Little hands at work

“I see a lot of people who love their jobs. I see some garbage collectors smiling.” Willie Stargell.

Contrails crisscross the sky, and the air is filled with the roar of jet engines as planes touch down on the tarmac or ascend into the sky. These are the sounds and sights that greet you on a
regular day in Rawalpindi’s Chaklala cantonment. But even as I gaze at the sky, a pair of little voices bring me down to earth.

“Bibi Koora dey do.”

The voices belong to eight-year-old Shireen and ten-year-old Palwasha, two Pathan girls who go from door to door to collect garbage for a living. If lucky, they occasionally pocket alms as well; their innocent faces and earnest looks arousing pity from people in this well-to-do neighbourhood.

“Why don’t you go to school?” I ask them. Blushing, Palwasha replies in Pashto: “Our father cannot afford to send us to school.”

Regret playing across her young features, Shireen adds, “I would love to read but I can’t because I’m poor.”
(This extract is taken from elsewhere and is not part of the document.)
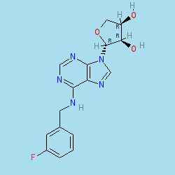 | SMILES | O[C@@H]1CO[C@@H](n2cnc3c(NCc4cccc(F)c4)ncnc32)[C@@H]1O |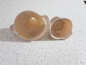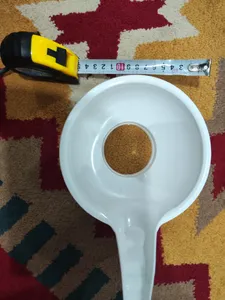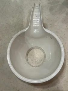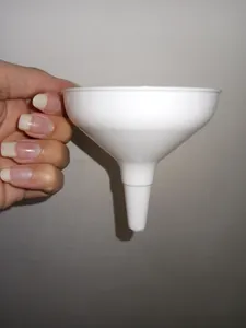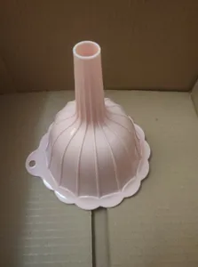 قیف ؛ از پلاستیک ضایعاتی ساخته شده و ذرات سیاه در بافت داره. ضمنا بدنه قیف مثل پنیر کنده میشود. قالبگیری ضعیف و ناهمگون دارد. عکسشو هم میزارم. برای مواد غذایی آل آلوده و ناسالم است!

Heart wrenching as her simple explanation is, I try to conceal my sadness at her words and listen on while she tells me of her desire to attend school just like all the other children in the neighbourhood — carrying a satchel over her back and marching off to learn new things every morning.

“Anyway,” she says, “I am still happy collecting garbage with my family.”

Their father, 35-year-old Gul, however, has a different story to tell. According to him, nobody at NADRA was willing to give his children a ‘B’ form which is an essential document for admission into all government schools.


His failure to fulfill their long list of requirements has left a void in the future of his children. His monthly income of Rs10,000-15,000, may be enough to pay for the education of his six children, but the prevailing bureaucratic system — thriving on attestation — prevents him from securing the chance for a better life for his children.

Originally from Swat, Gul and his family now reside in a rented house in Rawalpindi. Along with his parents, he had to abandon the beautifully serene Swat Valley at the tender age of 10 because of a daunting reality — lack of ownership of land in the village made survival next to impossible. Since working for others on their fields was frowned upon, the family had to eventually leave behind their village and their lives to start afresh in a new, more accepting, place.

Reminiscing over his early days, Gull says: “When I was growing up, it was hard for my parents… my earliest memories are of hard times with my father, working for so many hours in the fields for one of the local chiefs… I remember one year it snowed twenty-four inches and my father had to trudge through it under freezing conditions, with temperatures falling below -15 degrees, just to bring back a little food for our family.”

He adds that he never went to school as a child because his father was not able to afford it; he always saw children dress up in tidy uniforms, their hair pinned back and smiles pasted on their faces, racing each other to school every morning while he strode off to work on the fields in his usual mud-stained attire. It was hard for his father to support his family of six; huddled in a tiny room, made from mud walls, they would rely on each other’s warmth to ward off the winter’s chill.

Upon their arrival in Rawalpindi, a move from a tiny mud hut to a small house with bare essentials, they started to get attuned to life in the city. His father started working and his daily wages helped sustain the family. Recalling those days, Gul says: “We never begged on the streets as we believed that no one could snatch the rights that had been granted to us by Allah.”

Even after his father’s death, Gul, along with his brother and a friend, went about collecting garbage from the streets of Rawalpindi, never forgetting to uphold their dignity at all times. “Thus life continued,” he says.

Today, Gul sweeps the streets of the city with as much vigour as when he collected garbage as a young boy. His children, following in his footsteps, return home every night with the joy of knowing that they do not have to beg for a living and that the little money they manage to collect helps keep their stove lit.  Their little hands may have become callused but they continue to sweep clean the streets of Rawalpindi.

But Gul remains haunted by the memory of his home in Swat, and the hope of one day returning to that remembered paradise burns within him. “Life in the cities is very expensive,” he says ruefully. “There is a sense of peace and tranquility in Swat, and nothing around here compares to it. Acquiring a piece of land there would make my life complete… My family and I can be happier there.”

People like Gul may be engulfed in poverty, and faced with problems the rest of us cannot even imagine, but it is their steely will and a belief in better days which keeps them going.

Published in The Express Tribune, Sunday Magazine, August 7th, 2011.